◆ Exercise description: What is needed is the exact text of each line in the listing below from the one with "나는 빨간 스카프 합창" up to and including the one with "[ALMANACH]. ALMANACH ROYAL, année", and no pictures.

◆ Data records:
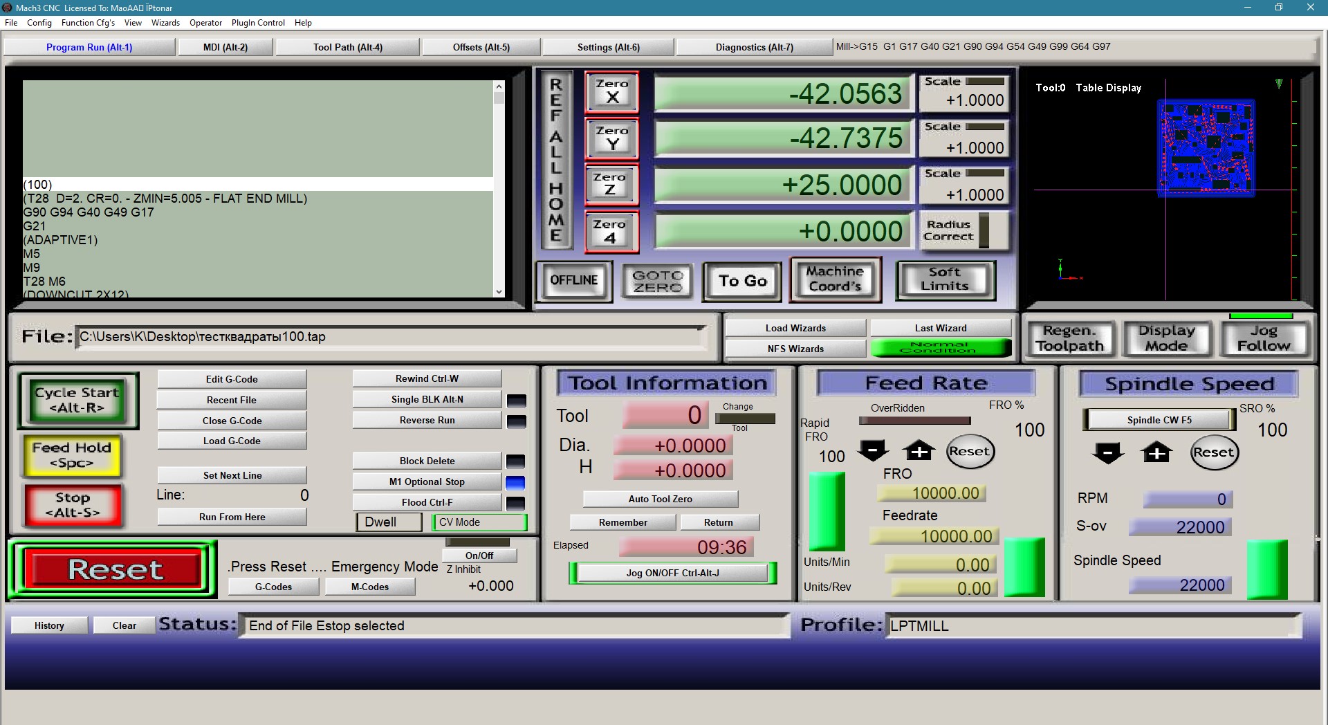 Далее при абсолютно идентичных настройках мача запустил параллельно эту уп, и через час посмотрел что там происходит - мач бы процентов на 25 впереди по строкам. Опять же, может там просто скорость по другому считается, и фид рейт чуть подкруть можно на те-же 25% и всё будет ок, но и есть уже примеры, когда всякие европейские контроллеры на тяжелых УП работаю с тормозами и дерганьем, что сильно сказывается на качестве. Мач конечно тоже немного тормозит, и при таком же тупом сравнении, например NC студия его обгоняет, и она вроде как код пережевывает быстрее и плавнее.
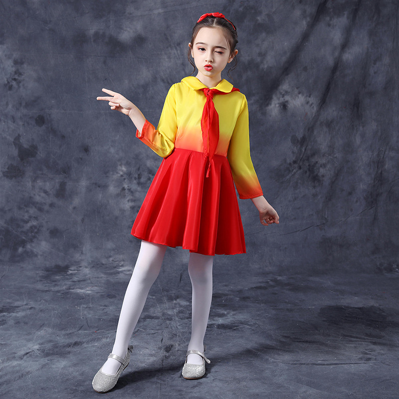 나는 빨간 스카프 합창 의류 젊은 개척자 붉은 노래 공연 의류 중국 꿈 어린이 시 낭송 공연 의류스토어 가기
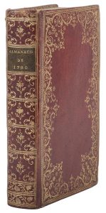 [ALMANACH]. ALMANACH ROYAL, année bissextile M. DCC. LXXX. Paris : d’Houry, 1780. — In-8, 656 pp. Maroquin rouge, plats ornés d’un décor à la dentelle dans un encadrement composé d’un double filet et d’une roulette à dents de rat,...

...

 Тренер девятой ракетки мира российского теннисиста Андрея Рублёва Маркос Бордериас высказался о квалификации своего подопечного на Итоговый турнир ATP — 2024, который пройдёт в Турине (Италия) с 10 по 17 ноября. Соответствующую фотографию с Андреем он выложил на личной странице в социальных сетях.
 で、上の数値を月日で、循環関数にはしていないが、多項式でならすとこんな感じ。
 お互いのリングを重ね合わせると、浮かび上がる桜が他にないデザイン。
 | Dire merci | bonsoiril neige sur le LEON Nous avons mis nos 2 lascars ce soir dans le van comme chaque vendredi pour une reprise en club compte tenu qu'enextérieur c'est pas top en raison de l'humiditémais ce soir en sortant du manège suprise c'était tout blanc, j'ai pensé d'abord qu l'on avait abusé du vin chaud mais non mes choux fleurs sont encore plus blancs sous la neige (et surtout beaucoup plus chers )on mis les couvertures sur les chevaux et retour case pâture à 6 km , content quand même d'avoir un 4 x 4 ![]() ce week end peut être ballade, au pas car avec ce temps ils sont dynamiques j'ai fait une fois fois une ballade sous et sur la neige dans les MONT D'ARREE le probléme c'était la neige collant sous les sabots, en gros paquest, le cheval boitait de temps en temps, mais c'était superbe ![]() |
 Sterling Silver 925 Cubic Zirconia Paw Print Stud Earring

◆ Task output:
 나는 빨간 스카프 합창 의류 젊은 개척자 붉은 노래 공연 의류 중국 꿈 어린이 시 낭송 공연 의류스토어 가기
 [ALMANACH]. ALMANACH ROYAL, année bissextile M. DCC. LXXX. Paris : d’Houry, 1780. — In-8, 656 pp. Maroquin rouge, plats ornés d’un décor à la dentelle dans un encadrement composé d’un double filet et d’une roulette à dents de rat,...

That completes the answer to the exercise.